# Husqvarna 435 review



## b33p3r (Feb 27, 2012)

Just wanted to post for others looking for a saw to use as a guide.
Just had my Husqvarna 435 chainsaw looked at as it was stopping hard as soon as I got off the throttle. Turns out the piston and cylinder are all scratched up. His first opinion is I over worked it for its intended use. It's 1 year old tomorrow and has cut near 10 cord timber in that time. He mentioned wrong oil mix could cause it also(husqvarna oil used and measued everytime so in my mind no), or debris getting into cylinder(?).
    His suggestion for me is an echo 450 or 500. Any and all suggestions for a new saw are welcome. 10 cord per year will be the usage base.


----------



## HittinSteel (Feb 27, 2012)

Hmmmm......even a homeowner saw should last for more than 10 cord.

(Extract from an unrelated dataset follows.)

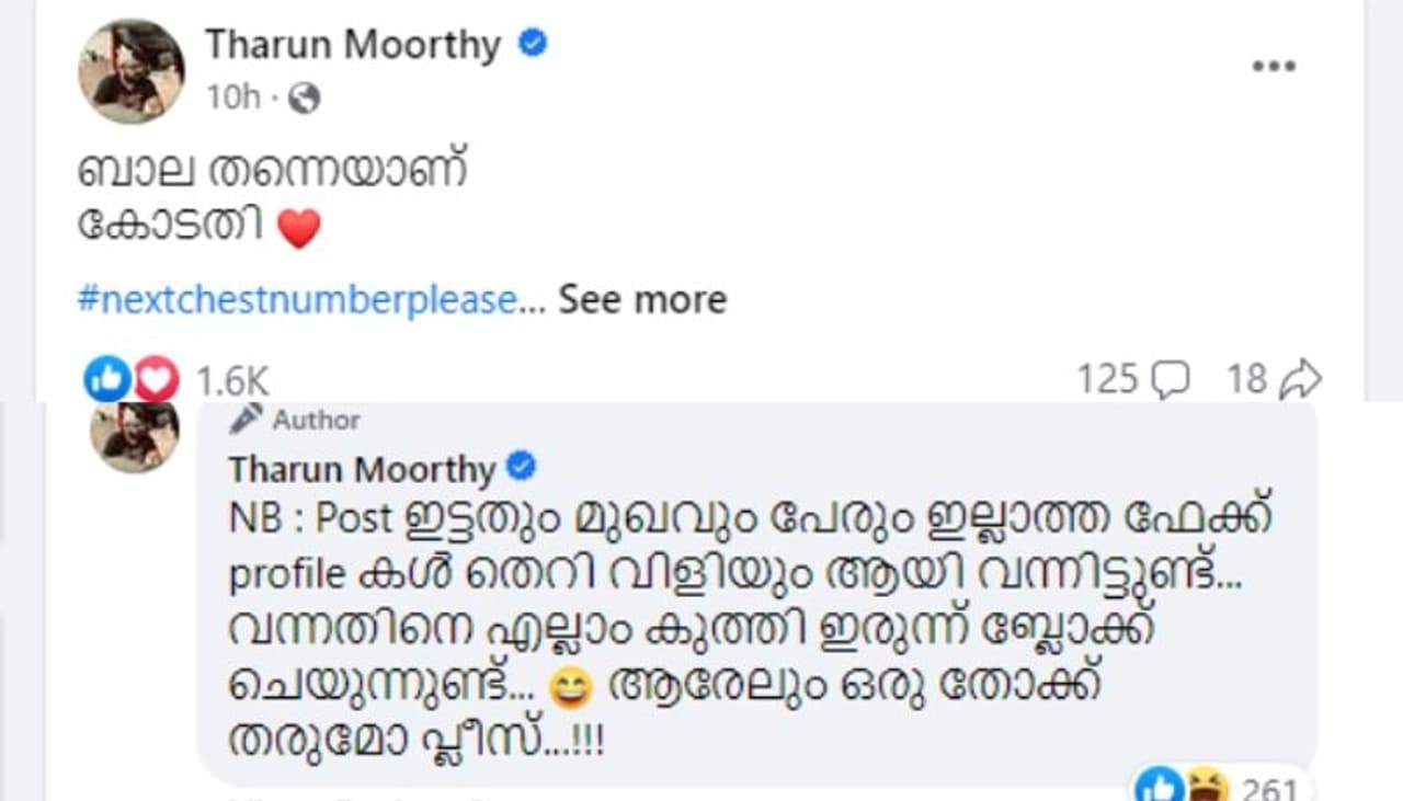 'ബാല തന്നെയാണ് കോടതി. NB : Online/ offline verbal diarrhea കൾക്ക് ഈ നാട്ടിൽ നിയമം ഇല്ലേൽ ഇതൊക്കെ തന്നെയാണ് കോടതി..!!!!', എന്നാണ് തരുൺ മൂർത്തി കുറിച്ചത്. ഒപ്പം #nextchestnumberplease എന്ന ഹാഷ്ടാഗും നൽകിയിട്ടുണ്ട്. പിന്നാലെ നിരവധി പേരാണ് തരുണിനെ അനുകൂലിച്ചും പ്രതികൂലിച്ചും രംഗത്തെത്തിയത്.

Get a pro model for that type of cutting. Step up to a 346XP or an MS261. If you are using gas with ethanol, mix fresh every 60 days or so.


----------



## firefighterjake (Feb 27, 2012)

HittinSteel said:
			
		

> Hmmmm......even a homeowner saw should last for more than 10 cord.
> 
> Get a pro model for that type of cutting. Step up to a 346XP or an MS261. If you are using gas with ethanol, mix fresh every 60 days or so.



+1 . . . gotta agree . . . don't think Husquvarna is selling any disposable saws . . . yet. Just about any saw should easily do 10 cords of wood with no issues.


----------



## PNWBurner (Feb 27, 2012)

I've got a 435 too.  To be honest I'm not super impressed with it but it's ok for small jobs.  If you look up the chain (H30) on the Husky website it even says "not recommended for heavy duty work" which pretty much tells you what you need to know about the saw.  Yes, it should last longer than 10 cords but I'm not too suprised.  It's really meant for a home owner to trim a few branches with.

I also have a Stihl 362 which is a way better saw in every way.  I agree with the recommendation to get a Pro or at least mid level saw...


----------



## Bigg_Redd (Feb 27, 2012)

b33p3r said:
			
		

> Just wanted to post for others looking for a saw to use as a guide.
> Just had my Husqvarna 435 chainsaw looked at as it was stopping hard as soon as I got off the throttle. Turns out the piston and cylinder are all scratched up. His first opinion is I over worked it for its intended use. It's 1 year old tomorrow and has cut near 10 cord timber in that time. He mentioned wrong oil mix could cause it also(husqvarna oil used and measued everytime so in my mind no), or debris getting into cylinder(?).
> His suggestion for me is an echo 450 or 500. Any and all suggestions for a new saw are welcome. 10 cord per year will be the usage base.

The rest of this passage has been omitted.